The OECD has recently released a report: Education at a Glance 2013 which highlights the problem of youth unemployment worldwide. There is evidence that employment prospects for young people have deteriorated over recent years. The OECD figures are corroborated by an Independent Labour Organisation (ILO) report Global Employment Trends for Youth 2013.
Youth unemployment affects both developed and developing countries. In the European countries most affected by the sovereign debt crisis (Greece, Spain and Portugal), prospects for young people are so limited that they are migrating in large numbers to more stable economies. The reasons for youth unemployment and the ways that it impacts on different countries may vary, but no country can afford to ignore it because it has serious consequences for society and for the economy.
Unemployment is caused by a shortfall in the number of jobs for those seeking work. A troubling aspect of youth unemployment is a mismatch between the skills of those entering the labour market for the first time and the jobs available. As well as creating unemployment, this also often results in ‘underemployment’ which leads to people taking jobs for which they are over-qualified – graduates flipping burgers in fast food outlets or working at supermarket check outs for example. This in turn leads to the exclusion of less-skilled people from employment. The Arab spring uprisings were partly driven by the frustration of graduates who were unable to find suitable employment.

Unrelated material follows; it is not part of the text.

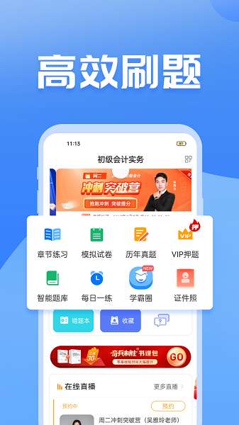 1、名师直播授课:由资深财会讲师团队直播精讲《初级会计实务》和《经济法基础》,实时互动答疑。
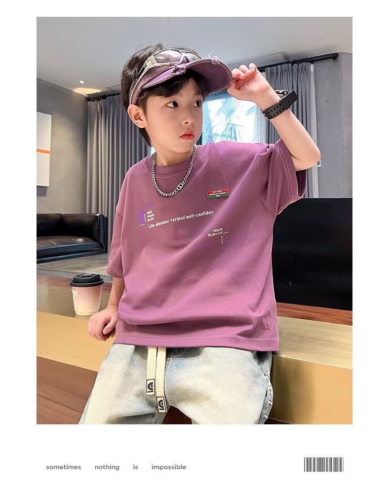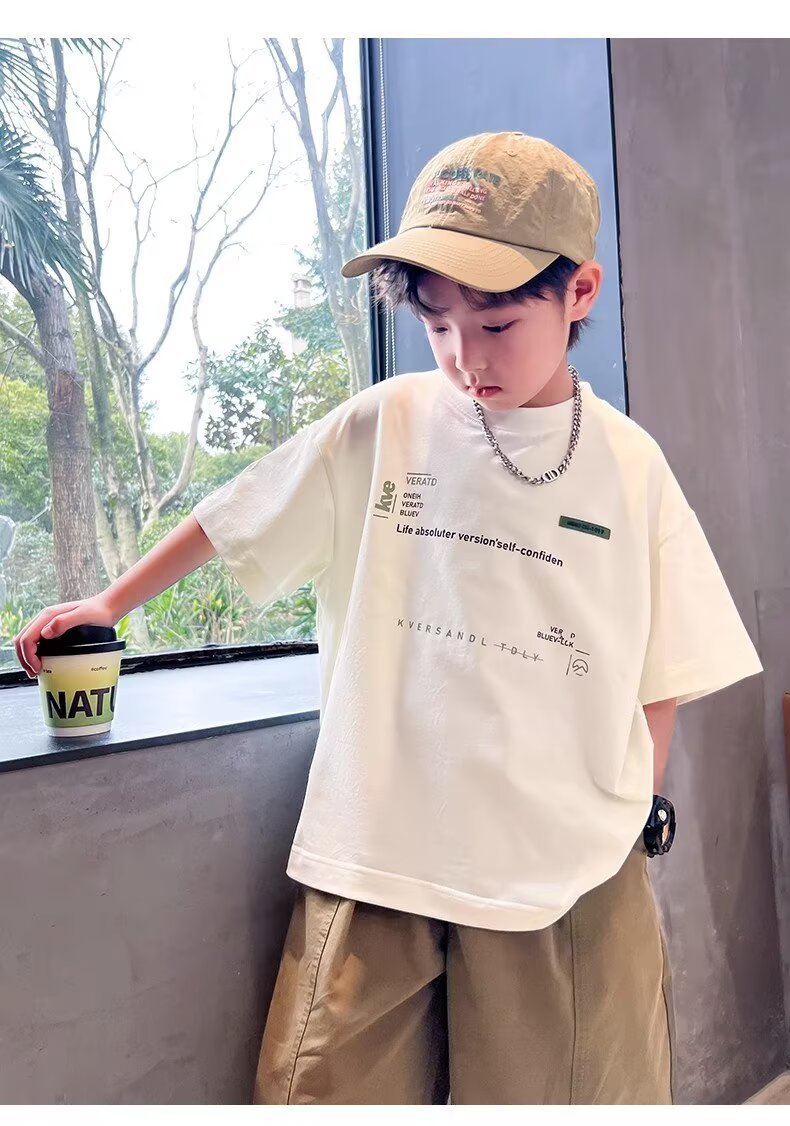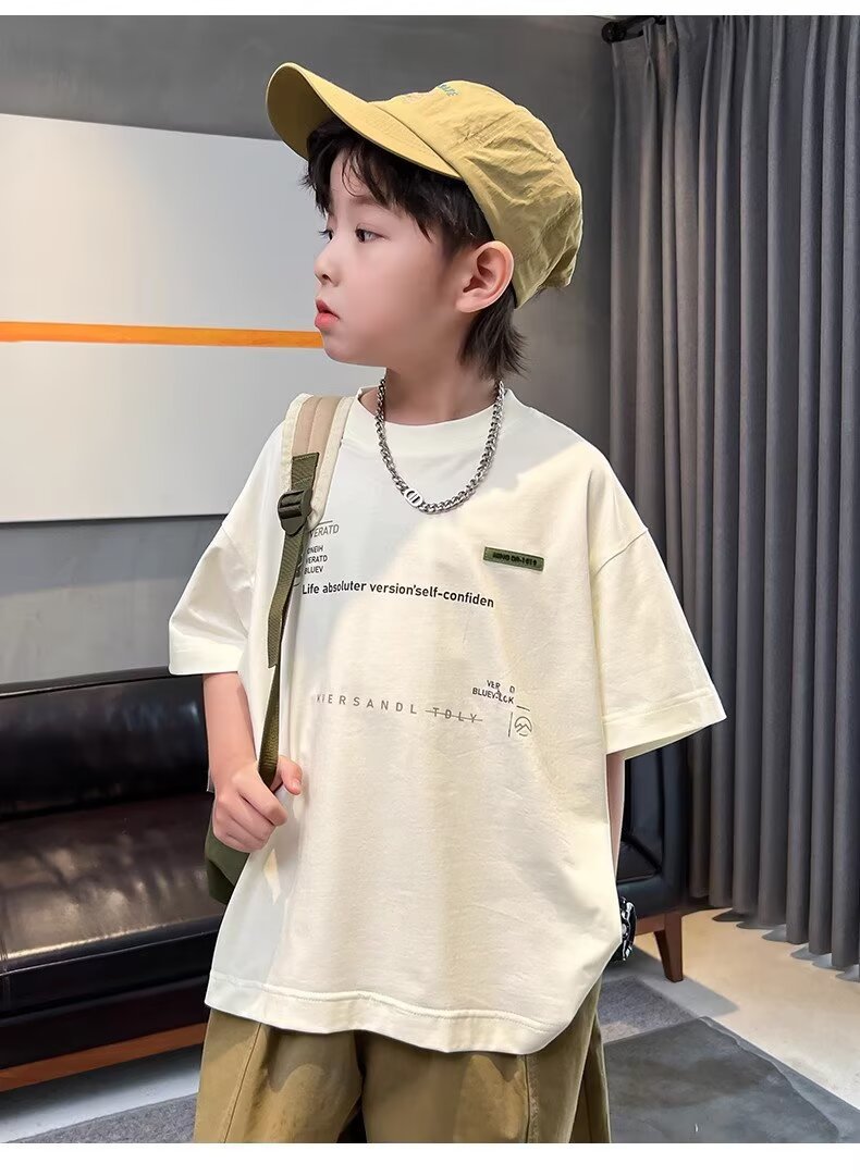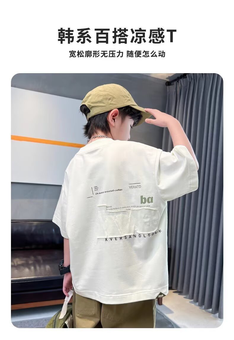 남학생 반소매 티셔츠 여름 2025 한국식 신식 어린이 여름 탑 소년 중 · 대형 어린이 오리지널 반소매 트렌디 티셔츠

South Africa is experiencing skills shortages in key sectors of the economy alongside high unemployment rates for graduates, which is depressing for the graduates, and means that employers compete for the small number of qualified people driving up labour costs.
Governments are starting to recognise that youth unemployment must be addressed and that it needs concerted focussed action. Job creation alone is not enough; more entrepreneurs are needed to grow economies.
All stakeholders must work together to get our youth into work to improve economic growth, to ensure political and social stability but above all for human dignity and well-being.